* TRY IT *
From the line containing "Blackmagic liefert die" through the last line of the listing, output each line exactly as it stands. Omit pictures.

* DATA PROVIDED *
────────────────

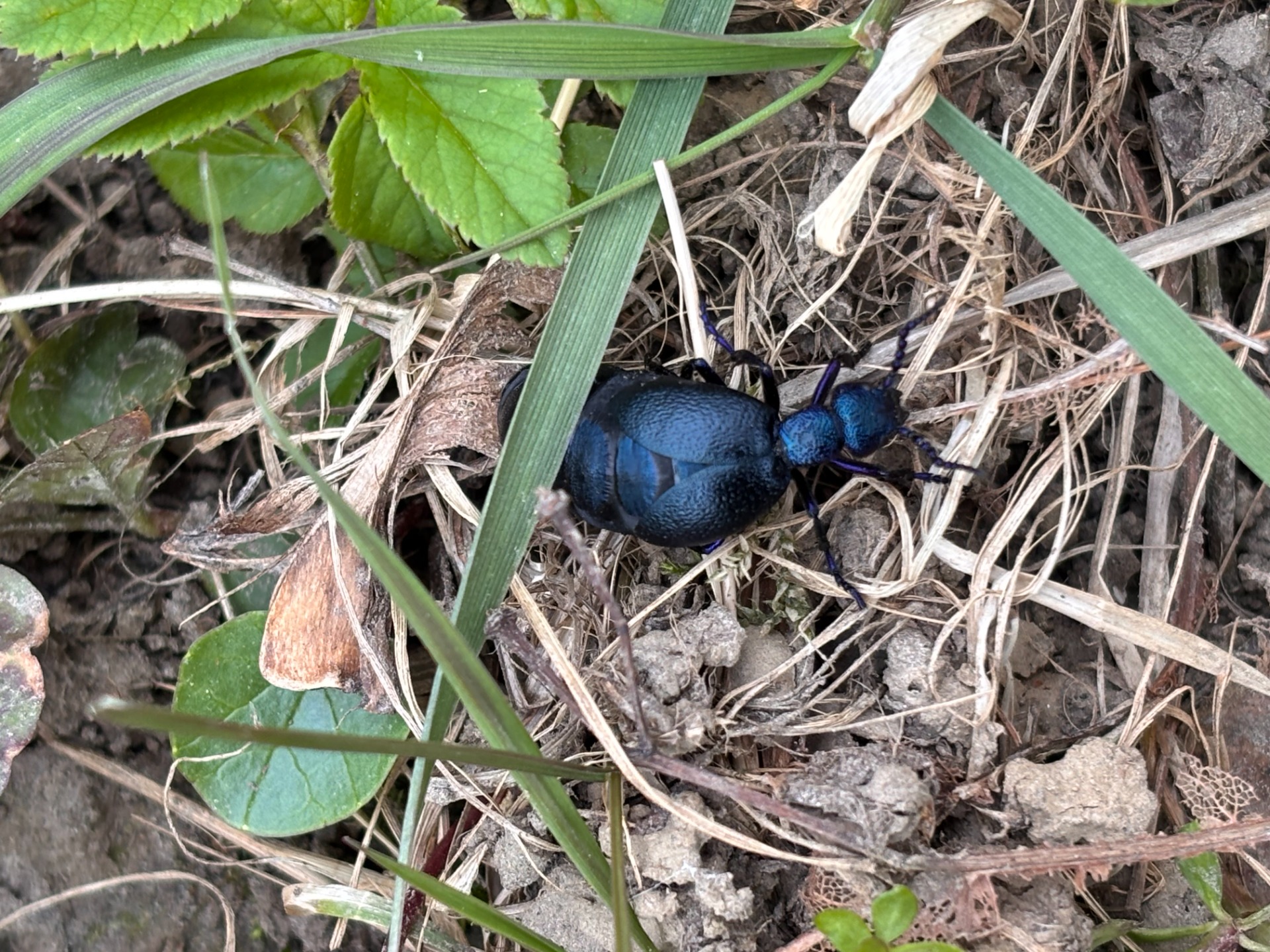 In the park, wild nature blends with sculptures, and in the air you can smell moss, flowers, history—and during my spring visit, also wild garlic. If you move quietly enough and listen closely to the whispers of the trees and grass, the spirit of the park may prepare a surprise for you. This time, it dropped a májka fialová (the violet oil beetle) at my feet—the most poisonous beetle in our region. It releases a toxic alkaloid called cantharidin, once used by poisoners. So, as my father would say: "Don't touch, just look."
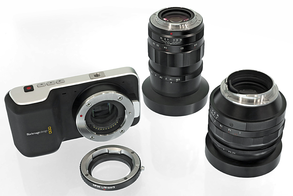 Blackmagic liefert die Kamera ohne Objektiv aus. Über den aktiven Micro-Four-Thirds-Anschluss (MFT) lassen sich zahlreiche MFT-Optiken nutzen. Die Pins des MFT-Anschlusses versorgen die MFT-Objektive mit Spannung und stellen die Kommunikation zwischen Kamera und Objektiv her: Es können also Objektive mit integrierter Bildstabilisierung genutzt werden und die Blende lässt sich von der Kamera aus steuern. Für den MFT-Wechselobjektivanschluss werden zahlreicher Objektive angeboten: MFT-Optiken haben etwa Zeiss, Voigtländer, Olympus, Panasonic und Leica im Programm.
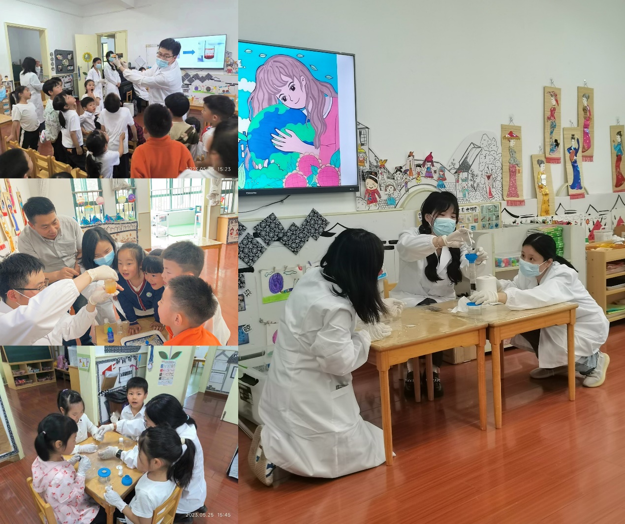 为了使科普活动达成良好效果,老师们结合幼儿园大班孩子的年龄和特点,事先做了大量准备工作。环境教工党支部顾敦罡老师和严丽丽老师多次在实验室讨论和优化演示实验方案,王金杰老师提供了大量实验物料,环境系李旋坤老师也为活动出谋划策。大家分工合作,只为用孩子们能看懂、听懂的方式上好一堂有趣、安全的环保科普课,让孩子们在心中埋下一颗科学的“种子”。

────────────────

* TASK SOLUTION *
 Blackmagic liefert die Kamera ohne Objektiv aus. Über den aktiven Micro-Four-Thirds-Anschluss (MFT) lassen sich zahlreiche MFT-Optiken nutzen. Die Pins des MFT-Anschlusses versorgen die MFT-Objektive mit Spannung und stellen die Kommunikation zwischen Kamera und Objektiv her: Es können also Objektive mit integrierter Bildstabilisierung genutzt werden und die Blende lässt sich von der Kamera aus steuern. Für den MFT-Wechselobjektivanschluss werden zahlreicher Objektive angeboten: MFT-Optiken haben etwa Zeiss, Voigtländer, Olympus, Panasonic und Leica im Programm.
 为了使科普活动达成良好效果,老师们结合幼儿园大班孩子的年龄和特点,事先做了大量准备工作。环境教工党支部顾敦罡老师和严丽丽老师多次在实验室讨论和优化演示实验方案,王金杰老师提供了大量实验物料,环境系李旋坤老师也为活动出谋划策。大家分工合作,只为用孩子们能看懂、听懂的方式上好一堂有趣、安全的环保科普课,让孩子们在心中埋下一颗科学的“种子”。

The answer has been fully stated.